5.6.7.1. EAP-SIM Specific Options

   The following list defines options specific to "eap-sim":

   auto_realm
          The auto_realm option determines whether or not your realm will be
          automatically appended to your username on authentication, or whether
          the user will do this manually in the xsupplicant configuration. This
          option is fairly dependent on how your service is set up, so check
          with your provider to see if this option should be enabled.

          Valid auto_realm options are: yes, no.

          Example 5-33. EAP-SIM Option "auto_realm"

          auto_realm = yes
     _________________________________________________________________

5.6.8. PEAP

   Valid  options  for  PEAP  are: chunk_size, cncheck, cnexact. crl_dir,
   random_file, root_cert, root_dir, session_resume, user_cert, user_key,
   user_key_pass,

   PEAP currently requires eap-mschapv2 as a sub-option. Future versions of
   xsupplicant  may  include support for other embedded EAP-types such as
   eap-gtc. In addition, the "username" directive is required for inner-eap
   types used with PEAP.

   Example 5-34. Example PEAP Configuration
logfile = /var/log/xsupplicant.log

startup_command = <BEGIN_COMMAND>dhclient %i<END_CLIENT>

default {

  allow_types = all

  identity = <BEGIN_ID>myid@mynet.net<END_ID>

  eap-peap {
      root_cert = /home/user/certificates/root.pem
      chunk_size = 1398
      random_file = /dev/urandom
      cncheck = radiusserver.mynet.net
      cnexact = yes
      session_resume = no

      eap-mschapv2 {
        username = <BEGIN_UNAME>myid@mynet.net<END_UNAME>
        password = <BEGIN_PASS>password<END_PASS>
      }
  }
}
     _________________________________________________________________

5.6.9. EAP-TLS

   Valid options for EAP-TLS are: chunk_size, crl_dir, random_file, root_cert,
   root_dir, session_resume, user_cert, user_key, user_key_pass,

   Example 5-35. Example EAP-TLS Configuration
logfile = /var/log/xsupplicant.log

startup_command = <BEGIN_COMMAND>dhclient %i<END_CLIENT>

default {

  allow_types = all

  identity = <BEGIN_ID>myid@mynet.net<END_ID>

  eap_tls {
     user_cert = /home/user/certificates/user-cert.pem
     user_key  = /home/user/certificates/user-key.pem
     user_key_pass = <BEGIN_PASS>password for user-key.pem<END_PASS>
     root_cert = /home/user/certificates/root.pem
     crl_dir = /home/user/certificates/revoked


     chunk_size = 1398
     random_file = /dev/urandom
     session_resume = no
  }
}
     _________________________________________________________________

5.6.10. EAP-TTLS

   Valid options for EAP-TTLS are: chunk_size, cncheck, cnexact. crl_dir,
   random_file, root_cert, root_dir, session_resume, user_cert, user_key,
   user_key_pass, phase2_type

   EAP-TTLS may also have one or more sub-options: chap, mschap, mschapv2, pap.

   Example 5-36. Example EAP-TTLS Configuration
logfile = /var/log/xsupplicant.log

startup_command = <BEGIN_COMMAND>dhclient %i<END_COMMAND>

default {
  allow_types = eap-ttls

  identity = <BEGIN_ID>myid@mynet.net<END_ID>

  eap-ttls {
      root_cert = /home/user/certificates/root.pem
      chunk_size = 1398
      random_file = /dev/urandom
      cncheck = myradius.radius.com
      cnexact = no
      session_resume = no
      phase2_type = pap

      pap {
        username = <BEGIN_UNAME>myid@mynet.net<END_UNAME>
        password = <BEGIN_PASS>password<END_PASS>
      }
  }
}
     _________________________________________________________________

5.6.10.1. EAP-TTLS Specific Option(s)

   The following list defines options specifc to "eap-ttls":

   phase2_type
          The phase2_type directive specifies which phase2 type to use when
          authenticating with TTLS.

          Valid phase 2 types are: chap, mschap, mschapv2, pap.

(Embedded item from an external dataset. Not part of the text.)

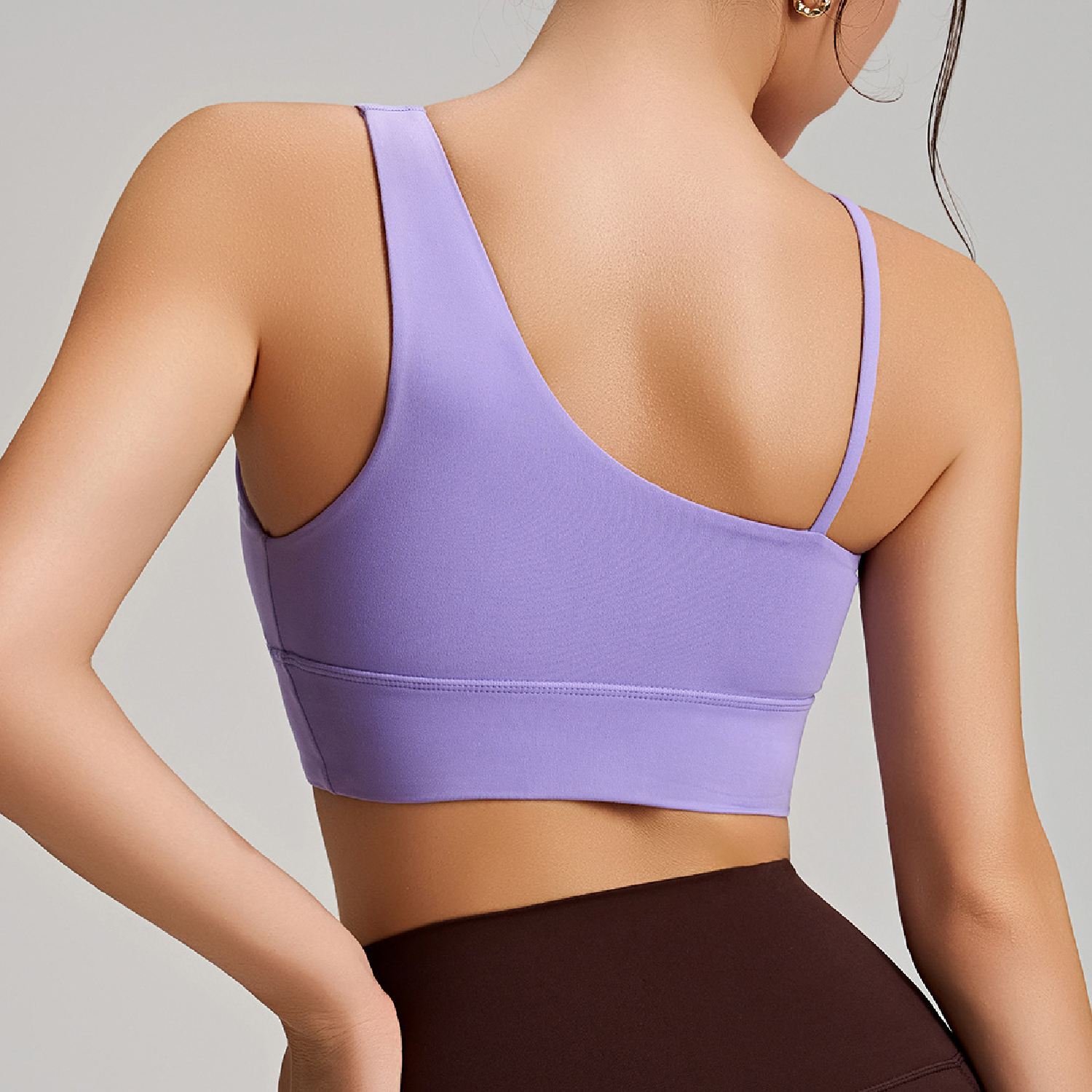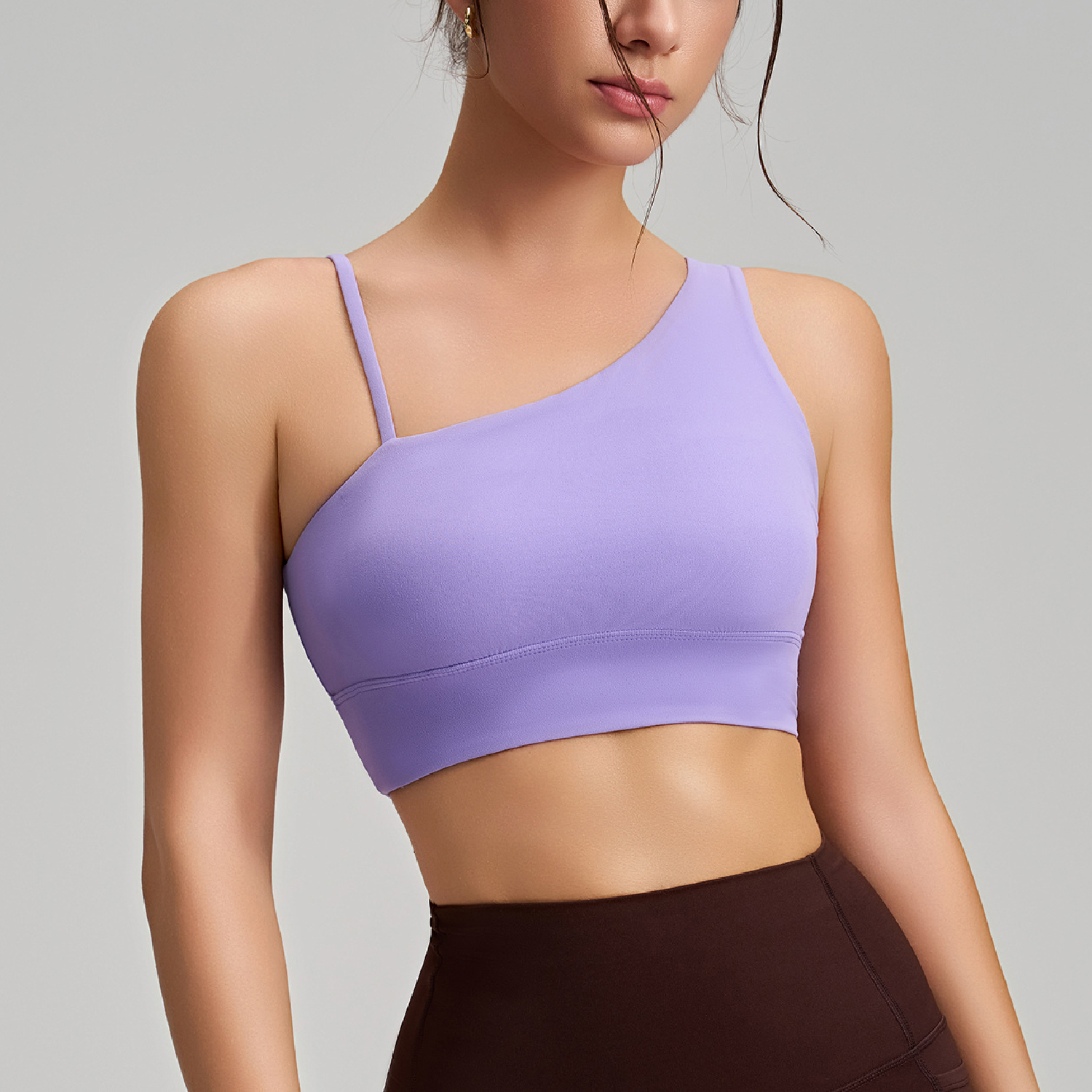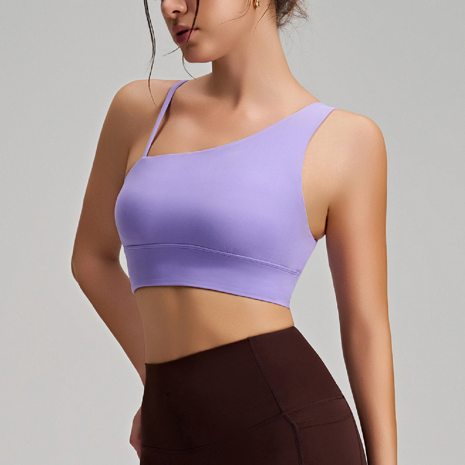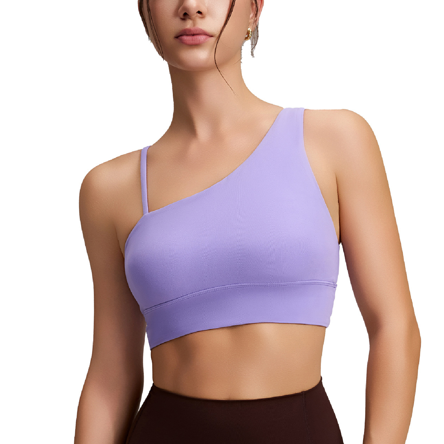 跃牌【安琪拉系列】新款斜单肩不规则美背瑜伽文胸速干运动弹力内衣跑步健身背心WX60321

          Example 5-37. EAP-TTLS Option "phase2_type"

          phase2_type = pap

   chap
          Use this option in TTLS to specify a username and password for a CHAP
          authentication.

          Most people will probably want to use PAP with TTLS, however.

          Valid chap options are: username, password,

          Example 5-38. EAP-TTLS Option "chap"

      chap {
        username = <BEGIN_UNAME>myid@mynet.net<END_UNAME>
        password = <BEGIN_PASS>password<END_PASS>
         }

   mschap
          Use this option in TTLS to specify a username and password for an
          MSCHAP authentication.

          Most people will probably want to use PAP with TTLS, however.

          Valid mschap options are: username, password,

          Example 5-39. EAP-TTLS Option "mschap"

      mschap {
        username = <BEGIN_UNAME>myid@mynet.net<END_UNAME>
        password = <BEGIN_PASS>password<END_PASS>
         }

   mschapv2
          Use this option in TTLS to specify a username and password for an
          MSCHAPv2 authentication. This option is different than eap-mschapv2.

          Most people will probably want to use PAP with TTLS, however.

          Valid mschapv2 options are: username, password,

          Example 5-40. EAP-TTLS Option "mschapv2"

      mschapv2 {
        username = <BEGIN_UNAME>myid@mynet.net<END_UNAME>
        password = <BEGIN_PASS>password<END_PASS>
         }

   pap
          Use this option in TTLS to specify a username and password for a PAP
          authentication.

          Most people will probably want to use this option when authenticating
          with TTLS.

          Valid pap options are: username, password,

          Example 5-41. EAP-TTLS Option "pap"

      pap {
        username = <BEGIN_UNAME>myid@mynet.net<END_UNAME>
        password = <BEGIN_PASS>password<END_PASS>
         }
     _________________________________________________________________

5.6.11. LEAP

   Valid options for LEAP are: password

   Example 5-42. Example LEAP Configuration
logfile = /var/log/xsupplicant.log

startup_command = <BEGIN_COMMAND>dhclient %i<END_COMMAND>

default {
  allow_types = leap

  identity = <BEGIN_ID>myid@mynet.net<END_ID>

  leap {
      password = <BEGIN_PASS>password<END_PASS>
  }
}
     _________________________________________________________________

5.7. User Config File

   We hope to provide the ability to specify both a global configuration file
   and a more specific user configuration file capability in a future release
   of xsupplicant.
     _________________________________________________________________

5.8. Using a GUI for Configuration

   The current version of Xsupplicant does not provide a mechanism to configure
   itself from a Graphical User Interface, except for providing a password. We
   hope to provide such tools in the future. Fortunately, the 1.0 config file
   format is much easier to read than older versions.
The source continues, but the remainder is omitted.